I have a function : (1+x)^1/3 and I need to do reduction in mathcad.

I wrote this :

But the problem is that : it does not work with negative numbers.
How to fix it?

 

[Mark44]

does not work with negative numbers.

How so? What does your code do or not do?

 

[PoFon]

How so? What does your code do or not do?

This code does reduction with positive numbers ( function (x+1)^1/3), but doesn't work with negative. And i don't know how to fix it.

 

[Mark44]

This code does reduction with positive numbers ( function (x+1)^1/3), but doesn't work with negative. And i don't know how to fix it.

Does the problem occur when your code attempts to raise a negative number to the 1/3 power? If so, algebraically there shouldn't be a problem, but MathCad is probably using logs to compute powers, in which case the expression x + 1 needs to be positive. One workaround would be to have logic that determines the sign of x + 1. If x + 1 turns out to be negative, compute (-x - 1) to the 1/3 power. That should give you a positive number, which you'll need to multiply by -1.

 

[DavidHume]

Except that raising a negative number to a fractional power generally results in a complex number. For instance, here are the results we get raising 2 and -2 to the 1/3 power (in J since I don't have MathCAD):

   2 _2 ^ %3
1.25992 0.629961j1.09112

As you can see, the result of the negative number raised to the reciprocal of 3 power is a complex number with real part 0.629961 and imaginary part 1.09112. In MathCAD, this would be represented as 0.629961 + 1.09112i .

 

[Mark44]

Except that raising a negative number to a fractional power generally results in a complex number. For instance, here are the results we get raising 2 and -2 to the 1/3 power (in J since I don't have MathCAD):

   2 _2 ^ %3
1.25992 0.629961j1.09112

As you can see, the result of the negative number raised to the reciprocal of 3 power is a complex number with real part 0.629961 and imaginary part 1.09112. In MathCAD, this would be represented as 0.629961 + 1.09112i .

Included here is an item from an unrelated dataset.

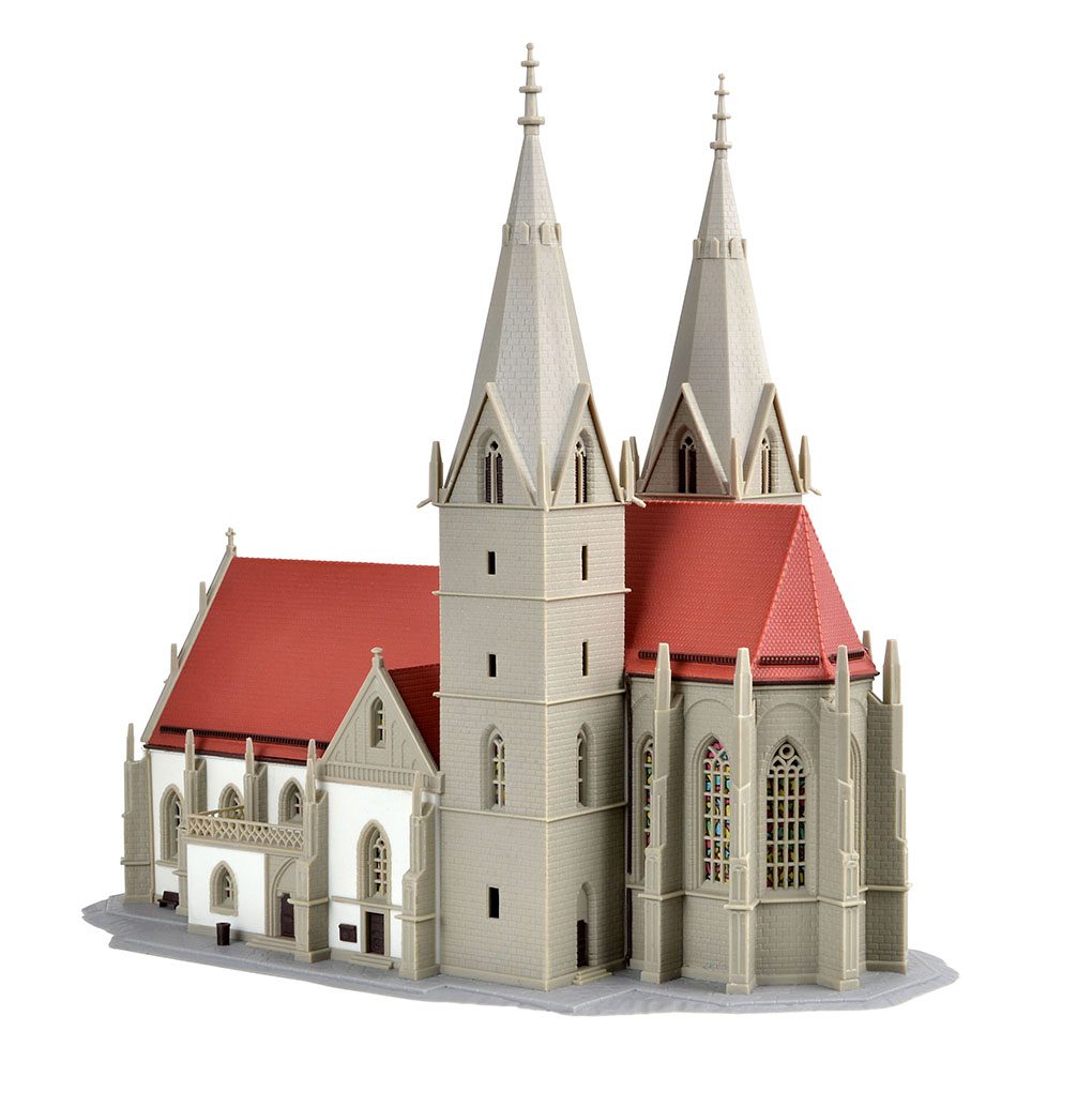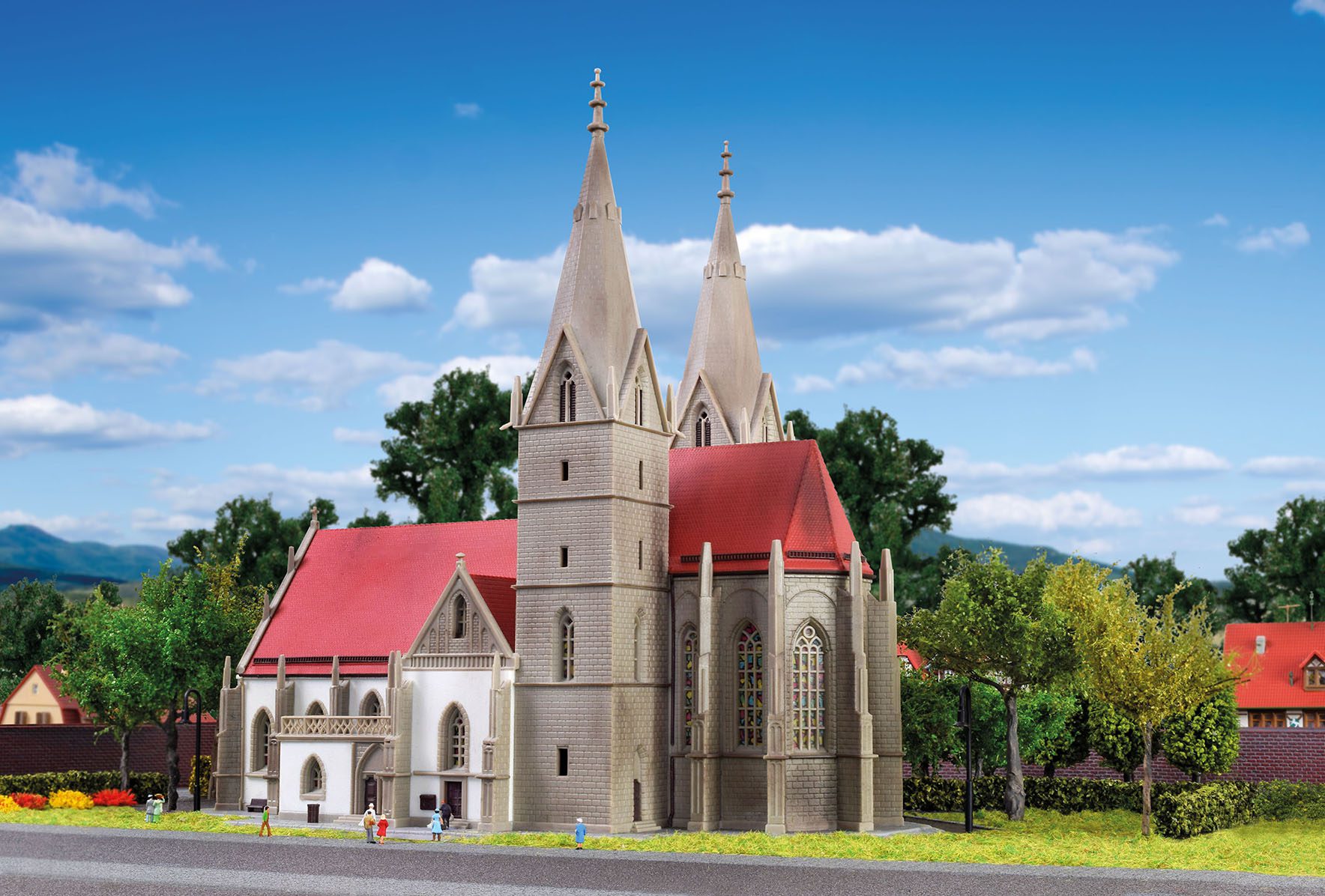 • The city church Oberhofen-Göppingen wonderfully fits the kibri settlement and town houses.

I understand what you're saying, but the problem is that the result should be a real number, not a complex number. The function $f(x) = \sqrt[3]{x} = x^{1/3}$ is defined for all real numbers, and the range is all real numbers, so taking the cube root of -2 (or raising -2 to the 1/3 power) should result in a negative real number. In my previous post I explained why many computer systems produce results that are mathematically incorrect.

 

[DavidHume]

It's not true that the range of cube root is real numbers - it's not even true for the cube root of one. Take a look at this MathCAD paper - http://gekor-it.de/media/81174be56cf4ccc5ffff870fac144233.pdf - where the author shows the cube roots of one to be (1, (-1/2)+(√3 i)/2, (-1/2)-(√3 i)/2). You can see the same result in the Wikipedia article on the root of unity: https://en.wikipedia.org/wiki/Root_of_unity .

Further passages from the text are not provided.